Typically, when RF equipment is installed far from a television compound, such as in an aircraft, a technical team just had to rig it up and hope for the best as there was no practical way to test it properly. For the high speed aircraft shots, however, Sobatech needed more certainty and decided to use Cobham’s new NanoVue HD receiver and display device to ensure it. “We were careful to do complete field testing on the technology before the event, particularly for use with the aircraft to ensure that the transmit and receive system could compensate for high speeds and potential issues with the Doppler effect,” said Soler. “Using NanoVue HD we were able to check the RF systems for the aircraft, and the parachutists, before their flights and found that the RF system worked perfectly, which meant that we were able to take HD feeds straight into production.

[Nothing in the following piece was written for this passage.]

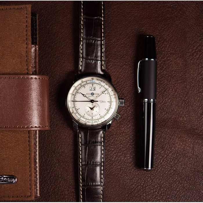 Zegarek męski Zeppelin 76401 100 Jahre - napędzany jest za pomocą mechanizmu kwarcowego Ronda 6203B napędzanego baterią. Z pietyzmem i niemiecką starannością wykonano srebrną tarczę, którą chroni cylindryczne, odporne na stłuczenia szkiełko mineralne. Stalowa koperta utrzymana jest na eleganckim, brązowym pasku ze skóry naturalnej przeszywanej beżowymi nićmi. Przy godzinie 12 znajduje się datownik z podwójnym okienkiem pokazujący aktualny dzień miesiąca. Z kolei nad godziną 6 umiejscowiona została tarcza pełniąca funkcję drugiego czasu. Wodoszczelność na poziomie 5ATM (50m) pozwala na chwilowy kontakt z wodą . Dodatkową funkcją czasomierza jest skala tachometru naniesiona wzdłuż lunety czasomierza. Retro model przypominający lata 20te i 30te XX wieku związane z niemieckimi sterowcami.

As far as I’m concerned, this equipment is mandatory for this type of production.” The coverage of the day was by all first-hand accounts “amazing” and included shots never before achievable for Qatar National Day. Solar concluded, “Events of this scale test the performance of RF systems to their very limits. Cobham transmit and receive systems enabled us to go wherever we needed to go to get a shot, and this year we needed to go further than we’d ever been to cover more than we ever had.”